Ethnic cleansing is an everyday reality

Young people hold large Palestinian flag

Palestinians in present-day Israel gather for the annual March of Return on 12 May.

Ammar Awad Reuters

Thousands marched last week to commemorate the Nakba, the 1948 ethnic cleansing of Palestine.

Held in the southern Naqab (Negev) region for the first time in 19 years, the 2016 March of Return is being hailed as the largest such event for Palestinians living inside present-day Israel.

Organized by the Association for the Defense of the Rights of the Internally Displaced, the 12 May protest emphasized that the Nakba — Arabic for catastrophe — continues today.

Not only did participants assert the right to return of Palestinians uprooted and exiled in 1948, they also drew attention to Israel’s ongoing efforts to internally displace Palestinians inside its de facto borders.

The annual event has previously been held in destroyed villages in the northern Galilee region. The significance of the geographical move was underscored by activist Rafat Abu Aish, one of the march’s organizers.

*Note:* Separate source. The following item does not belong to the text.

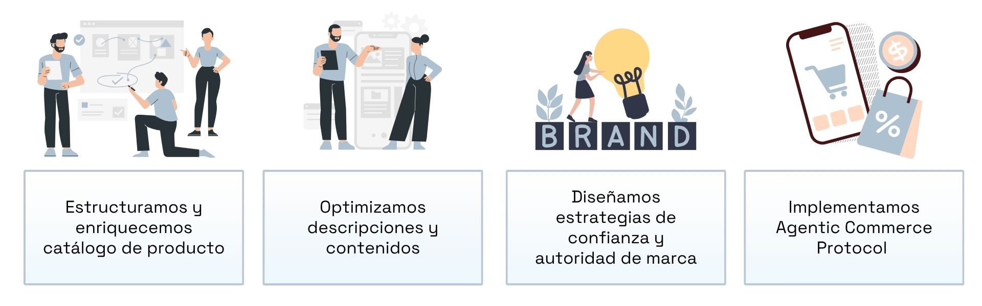En resumen, hacemos que tu marca esté lista para ser entendida, recomendada y elegida por la inteligencia artificial, cuando esta nueva forma de comprar llegue a Europa.

“The Nakba continues in the Naqab,” he said.

Villages destroyed

Abu Aish cited the demolition of Palestinian homes and the proposed uprooting of tens of thousands of Palestinian Bedouins as examples of the present-day ethnic cleansing in the Naqab. Though implementation of the latter proposal — known as the Prawer Plan — was halted following major protests, Israel has not stopped destroying Bedouin villages.

This year’s march focused on Wadi Zubalah, a village destroyed and ethnically cleansed of its Palestinian Bedouin population in 1948. Its expelled residents were resettled by military order to Umm al-Hiran, another village, in the 1950s. They have lived there ever since.

The survivors of that expulsion and their families are now facing further displacement.

Earlier this month, the Israeli high court ruled that plans to destroy Umm al-Hiran and displace its residents may proceed. The Israeli state wishes to replace the village with a new Jewish town to be called Hiran.

Activist Raed Abu al-Qian spoke of how his family had been forced out of Wadi Zubalah.

He brought his four-month-old daughter to the march, arguing it was important for the young to come and see “the land of our grandparents and the well that they used to drink from and the houses that they used to live in, to know our history so they can continue coming here.”

Hope

Muhammad Kayal, one of the founders of the Association for the Defense of the Rights of the Internally Displaced, said that participants in this year’s march “include school pupils, university students and even younger children, from many different parts of society.”

He noted that many regard themselves as third-generation Nakba survivors. Any expectations that the Israeli establishment may have had of young people forgetting about the Nakba have been confounded.

“These third and fourth generations are holding on to the right of return more than the first and second generations,” said Kayal. “They have hope.”

Holding the march in the Naqab was also an attempt to counter Israel’s efforts to “divide and rule” Palestinians.

Ilan Pappe, a well-known historian who has been active with the Association for the Defense of the Rights of the Internally Displaced for many years, said: “The Naqab was not always associated with the struggle of the Palestinians in Israel due to the state’s attempt to accord a unique position to the Bedouin community. “

“Having the central commemorative event in the Naqab strengthens the connection between all the Palestinians inside Israel,” he told The Electronic Intifada.

During the rally prominent figures in the Palestinian community inside Israel — including lawmakers Ayman Odeh and Haneen Zoabi — were called forward to mix soil from the north of historic Palestine with the soil of the Naqab in the south.

With hundreds of Palestinian flags on display, many at the march referred to the right of Palestinians in refugee camps in Syria, Lebanon and Jordan to return home.

“The right of return of the internal refugees is strongly associated with the general Palestinian right of return,” said Pappe. “No matter what the Israeli official policy is, no matter what would be the tactical calculations of current Palestinian politics, this is an individual right that cannot be traded or abolished by anyone.”

For millions of Palestinians, the Nakba is not an event that belongs to the past. It is an everyday reality.

Yara Hawari is a final year PhD candidate at the University of Exeter and a freelance writer. She lives in occupied East Jerusalem.